Spring Session provides capabilities to externalize any session management to Redis cluster which is needed for a distributed system so session state is not restricted to specific application server instance. You can also use Redis cluster as a cache server for your Spring Services that are encapsulating your business functionality. Also if you plan to use RDBMS (specifically MySQL) as one of your data layer you can consider using Redis as your second level cache to improve the performance of your database calls.

NOTE: If you are building a Single Page Application, you can and should use JWT tokens to invoke Services via the API gateway in a stateless manner versus the traditional way of managing state via session cookies in a typical server-side web application.
Services

Depending on your design approach, your services can be built around business capabilities or DDD. In the diagram I am showing a sample application that is dividing services based on business capabilities. Each of these services in turn are simple Spring Boot applications that register themselves as discoverable Services with Eureka Server. It is through the Eureka server that other services discover each other so does the API Gateway (Zuul). This decoupling allows each of the services to be build and deployed independent of each other and allows us to horizontally scale them for High Availability and increased work load. For example, in order to include multiple instances of Shopping Cart Service, all you need to do is run multiple instances of Spring Boot application and have each of those instance use the same Service-ID that is used by Eureka server to identify those instances to any clients (Discovery Client) that needs to consume them. The client then gets to load balance request between those service instances which typically are stateless because any state that they have is either saved in Redis Cluster (for sessions/cache) or in Data layer (relational like MySQL or NoSQL like MongoDB).
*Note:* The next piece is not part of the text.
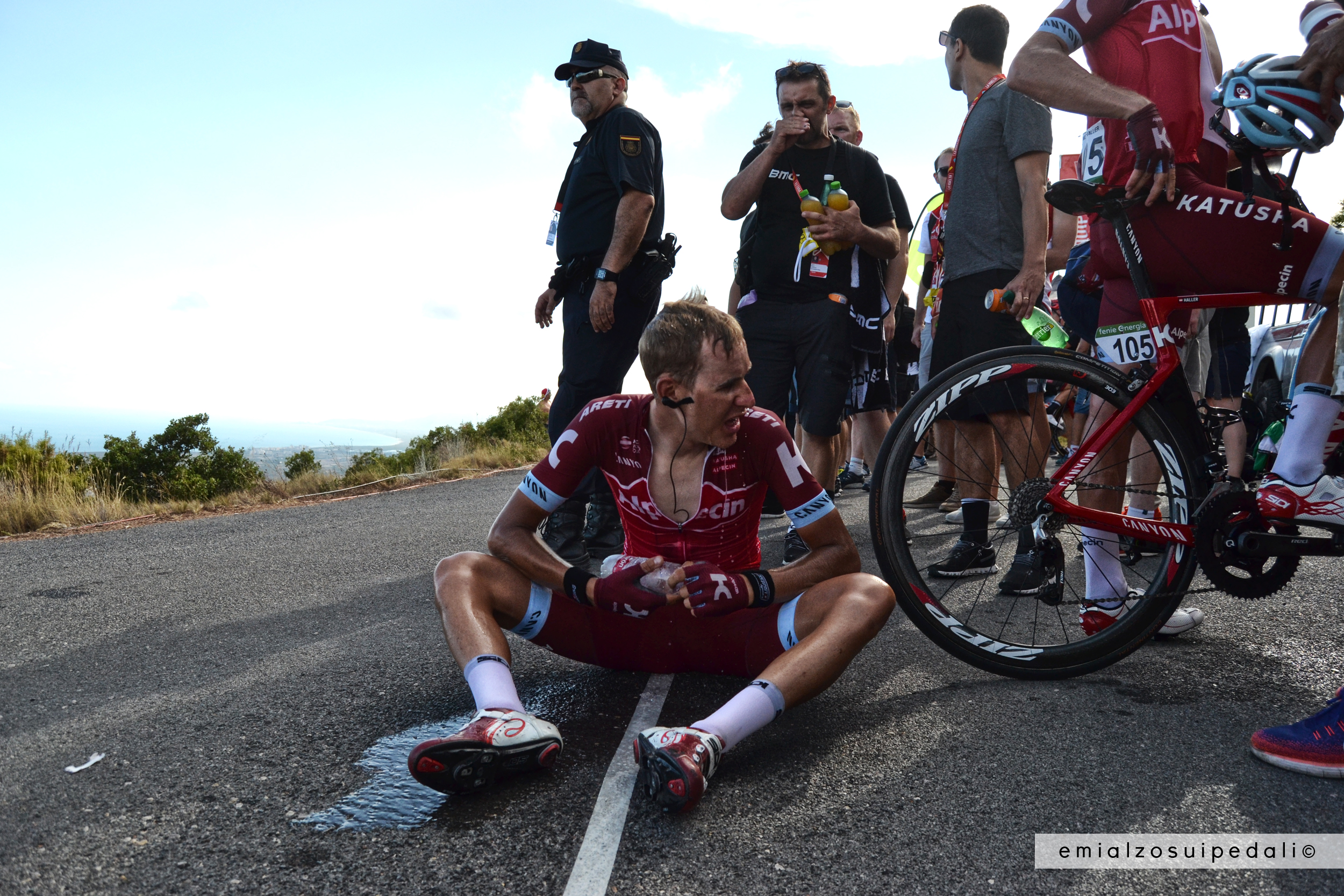 Sei minuti che se li mangiano in un soffio, le rampe sono dure qui, brevi e secche e intense, come questo posto, come l’arsura di fine agosto. Una manciata di cubetti di ghiaccio si scioglie lentamente sull’asfalto, vengono dai frigo dei massaggiatori. Un bambino si avvicina, ne prende due e li butta nella sua borraccia.

Two project libraries worth mentioning in the context of Services are

Feign

It creates a declarative style REST client that allows services and clients to invoke REST API services quickly with annotation based approach and with very little boilerplate coding. You should use this client library in all places where you are consuming REST API exposed via Services. The other benefit that you get with using Feign is that you can make direct reference to Service names that are registered with Eureka Server as Feign can directly integrate with Eureka Server and can discover services automatically for you based on service name only.


Ribbon
Ribbon provides client side load balancing capabilities with configurable load balancing rules like round robin, availability filtering and weighted response. It also works with Feign to allow service consumers to access services that are load balanced on the client side using one of the pre-defined rules as well as customizable rules if the predefined ones do not fit your needs. Zuul Proxy also uses Ribbon to invoke Services.


Spring Security

As mentioned before, each of these components are simple spring boot applications that can easily take advantage of the Spring Security framework to perform authentication and authorization of the users.
Spring Security provides Authentication Providers for – custom databases, LDAP, SAML 2.0 (as SSO), OAuth2, CAS and a few more and if none meets your need you can always extent the security framework to provide your own authentication/authorization layer.


Data Layer
The choices to pick here are plenty and hence I am not going to elaborate on this component as your business needs will help you determine whether you need a relational database versus a NoSQL type of database like (MongoDB) or an in memory data grid like Redis cluster. One thing worth mentioning here is that, if you plan to use a Microservice architecture and do not want your data layer to be a single point of monolith communication. You can consider using a Database per Service approach which allows you to build individual services in a “silo” manner. One thing that you may then need to consider is how you achieve eventual consistency post that architectural decision. Some of the things to consider for doing that is mentioned below
  • Event sourcing – you can use Apache Kafka as an event source. There are other alternatives like using an Event Store database. Conceptually what you are doing here is you are storing events in your database (either Kafka or EventStore) along with Payload of the entity whose state is going to change as a result of that event (or action). The way event sourcing works is you store these events and arrive at the final state of your entity by replaying these events from the start until you arrive at the final state (basically you are doing a replay or simply put as an analogy – you are seeing a cartoon character drawn at different static positions run when you flip through pages. This analogy brings back childhood memories for me). You may have to use techniques like snapshot to improve performance to ensure that overtime you do not start replaying the events from the beginning but start from a snapshot of the data at a more recent point in time.
  • Saga patterns to achieve eventual consistency– Two of the saga patterns that are basically built on an Event Driven Architecture needs to be considered - Choreography-based saga and Orchestration-based saga. I am not elaborating on these as these are well defined patterns in an Event Driven Architecture
  • Be prepared to design systems for eventual consistency

In a nutshell, your choice of Database per Service will make your implementation of a distributed system a little bit more complex given that you have to design for eventual consistency. If your business need does not require a Database per service approach I recommend using one database to achieve your ACID requirements.

Conclusion

I hope you liked this article as always send me constructive feedbacks.

Wednesday, April 24, 2019

Shibboleth IdP/SP, Spring Boot with Redis and MySQL – SSO flow

Introduction
In this article I will provide an overview of following technology stack
  • Single Sign On (SSO) identity/access management using Shobboleth IdP, CAS server and Shobboleth Service Provider (SP)
  • Using Spring Boot for Rapid Application Development
  • Redis to cache Spring data as well as its use as a second level cache for ORM (Hibernate/JPA)
  • I will also provide an overview of JHipster – a Swiss army knife for code generation
There is a lot to cover from the above technology stack, the intent of this article is to provide pointers to create enterprise grade scalable system and assist Software Architects in taking decisions that will help in scaling their systems using the mentioned technology stack. I know this is heavily tilted towards Java audience but a similar approach can be used for .NET using ER framework.
Architectural Overview
The above logical diagram represents a high level overview of the technology stack involved.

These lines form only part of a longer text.